Homeless share their stories, look for understanding

It’s difficult to understand the homeless when you don’t interact with them, said Shoko Uchida, SPSCC diversity intern from the Evergreen State College. Their voices need to be heard, said Uchida.

“We live in a society that is constantly pushing things away that aren’t familiar,” said Lome, a homeless 23 year old, who didn’t provide his last name. People are afraid to leave their comfort zone.

People cast snide and hateful looks at Alex, a homeless individual who didn’t provide his last name. He wishes Olympia would show “more hospitality and generosity.”

South Puget Sound Community College student Mayahuel Weisser, believes the public’s general approach is to ignore the homeless.

Tymer Furlan, born in Massachusetts, describes his situation as “residentially challenged.”

“I lost everything when I was 20 years old, I buried my fiancé,” said Furlan, now 50. People don’t realize how easily things disappear, they could be in my position tomorrow, homeless and on the streets, said Furlan.

He occasionally stays at the Salvation Army.

“Businesses yell at the homeless in downtown Olympia for just sitting,” said Suebob, a homeless individual who didn’t provide his last name. “They won’t allow us to use their restrooms either because they think we’re dirty. People think we’re junkies because we live outside, I don’t even do drugs.”
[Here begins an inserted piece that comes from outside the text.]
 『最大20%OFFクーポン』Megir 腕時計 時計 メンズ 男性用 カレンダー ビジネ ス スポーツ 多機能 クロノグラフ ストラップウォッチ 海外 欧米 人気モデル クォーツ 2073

Jeff Bond, an SPSCC student, has volunteered for Olympia’s homeless through missions such as the Union Gospel. He has heard from homeless individuals that the Olympia police department mistreats those on the streets.
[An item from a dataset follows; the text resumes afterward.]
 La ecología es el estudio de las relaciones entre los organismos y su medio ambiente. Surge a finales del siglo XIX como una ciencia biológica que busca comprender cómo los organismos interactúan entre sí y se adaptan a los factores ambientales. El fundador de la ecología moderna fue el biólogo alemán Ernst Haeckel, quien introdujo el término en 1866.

According to Lome, police can be “hard-nosed.”

In 2005 and 2006, “Downtowners,” a documentary about Olympia homeless youth, was directed and produced by Jessica Eskelson and Nichole Ketcherside. The documentary discusses a wide range of the issues facing the homeless, including mistreatment from police.
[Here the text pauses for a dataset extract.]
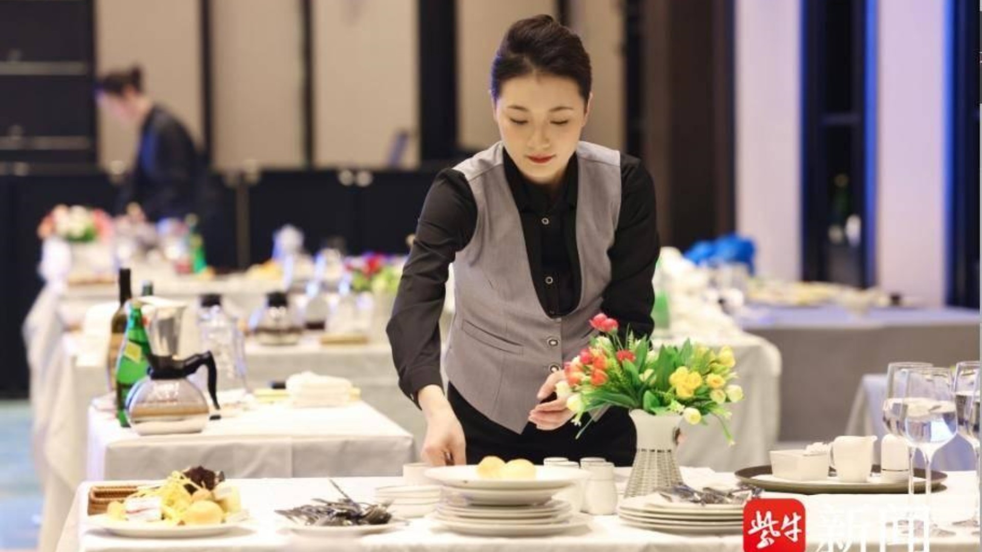“酒店服务”赛项共分前厅接待、中餐服务、西餐服务三个模块。其中前厅接待为入住登记、退房离店、投诉或突发事件处理三大内容;中餐服务为主题宴会设计、宴会服务两大内容;西餐服务为休闲餐厅服务内容,充分考查酒店管理与数字化运营专业学生的核心技能和相关岗位职业素养。最终,春满四合院 选手凭借扎实的基本功、出色的现场表现完成了赛项各项任务,赢得了评委们的认可。

There isn’t a place that a person can legally sleep outside unless you go to a camp ground, said an Olympia police officer to a homeless youth in the documentary.

“Go out to Lacey or Tumwater, they don’t have quite the issue we have.”

“What problem do you have here?” asked the homeless youth.

“Being overrun by homeless people that like to pitch camps anywhere that they feel,” said the policeman.

After attempting to sleep behind 5th Avenue Fitness, Marty Linzy, a homeless person, was told to leave several times by local police.

“I sleep outside and 5th Avenue Fitness is the only place to be dry,” said Linzy.

Bond believes some homeless people choose the streets. It’s their way of life and in some cases the only life they’ve known.

“Human beings are meant to be nomads,” said Lome.

Suebob became homeless at 15 years old. He left his unhealthy home life and began traveling. Suebob has a 10-year old career in train jumping from one place to the next.

Many homeless people travel and just pass through Olympia. Suebob expects to leave in the next few days. Alex gets anxious if in one place for too long.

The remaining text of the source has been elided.